Luke mixing it up at his Cape Town bar, Outrage of Modesty.
“We have weekly creative sessions where we allocate two hours to just sitting down and just brainstorming. Everyone has a set project that they are working on. A clipboard where everything is recorded. What happens when you burn this? What happens when you infuse that? If a drink happens out of it great, if it doesn’t no problem—we try again next time. Creativity is not just a moment of genius. Those lightbulbs moments are amazing and do happen but you can’t rely on them. You’ve got to set a structure. Once you do set a structure, the ideas happen naturally.” Like his chef friends and icons, there’s an element of alchemy to what Whearty does as he pushes the boundaries with his bars in Singapore, Cape Town, and soon Melbourne. Structured and spontaneous, foraged and finessed, crushed and sorted, burned and vaporized, distilled and delivered—he’s serving up something fresh every time.

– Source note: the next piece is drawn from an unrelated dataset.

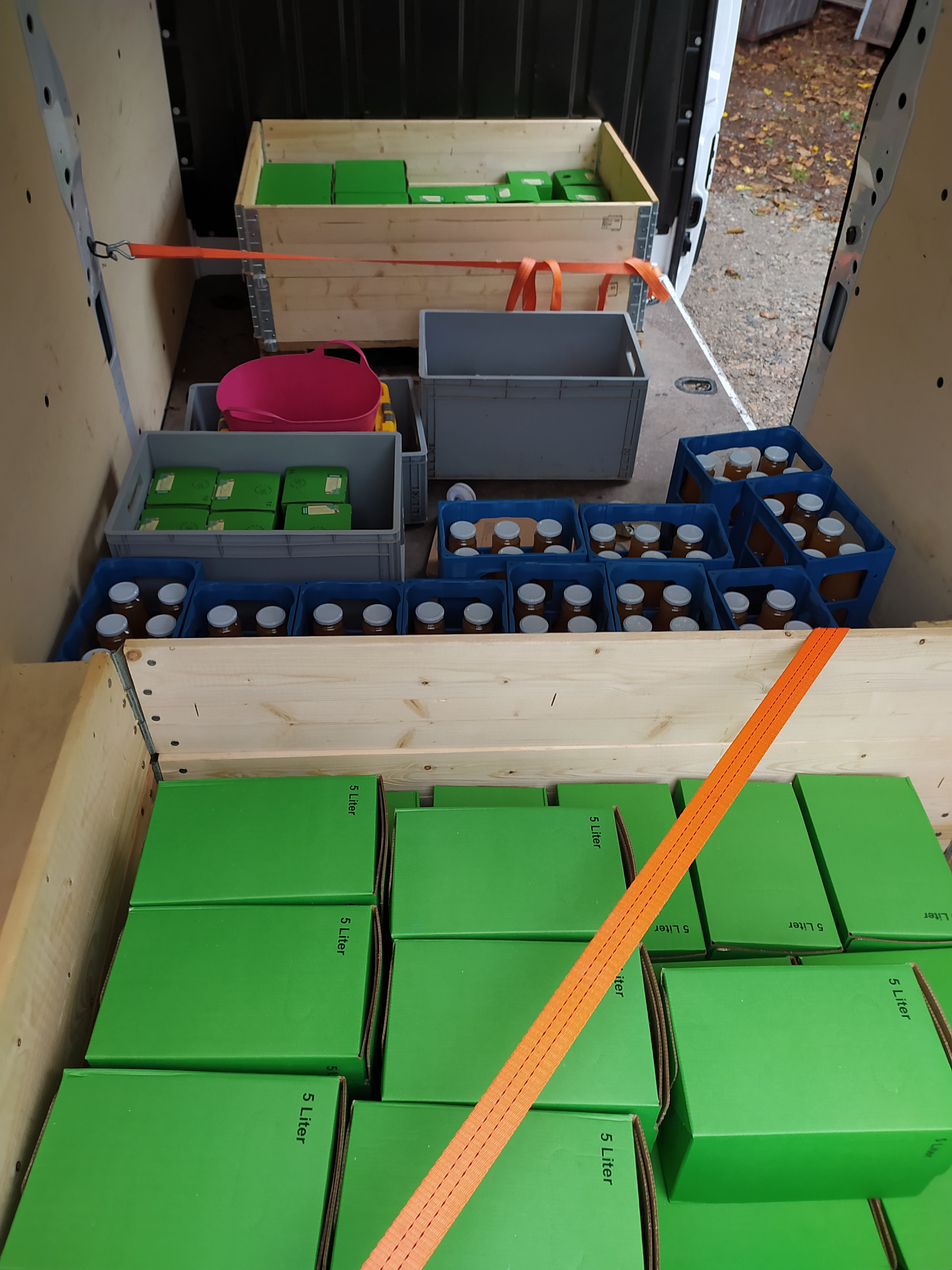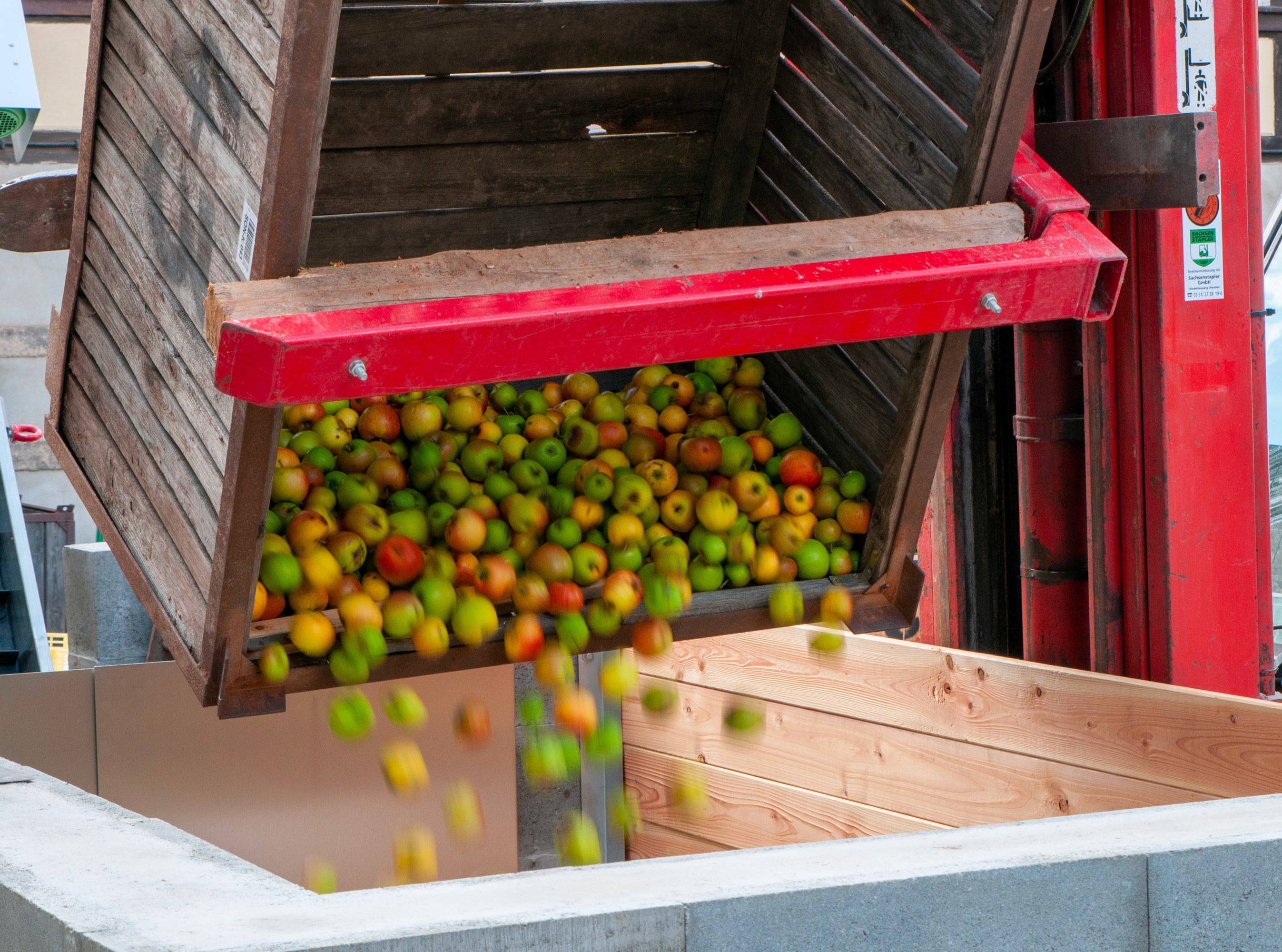Unser Saft wird kurz nach der Ernte der Früchte durch Mahlen und Pressen hergestellt. Damit sich der Saft lange hält wird er anschließend pasteurisiert und in die Bag-in-Box-Verpackungen abgefüllt – oder seit 2019 auch in 1L-Glasflaschen. Da wir viele unterschiedliche Apfelsorten verarbeiten, schmeckt auch der Saft nicht einheitlich.

“Adria’s one of my biggest influences. I have read a lot about his way of thinking and his approach to being creative. A lot of people think you are either a creative person or not, but I don’t think that’s necessarily true. I think some people make more time for being creative or make time to think about new ideas. Others just consider themselves to be too busy. But are we really too busy or are we not allocating our time more intelligently? This is why I adopted the creative sessions mentality for Outrage.”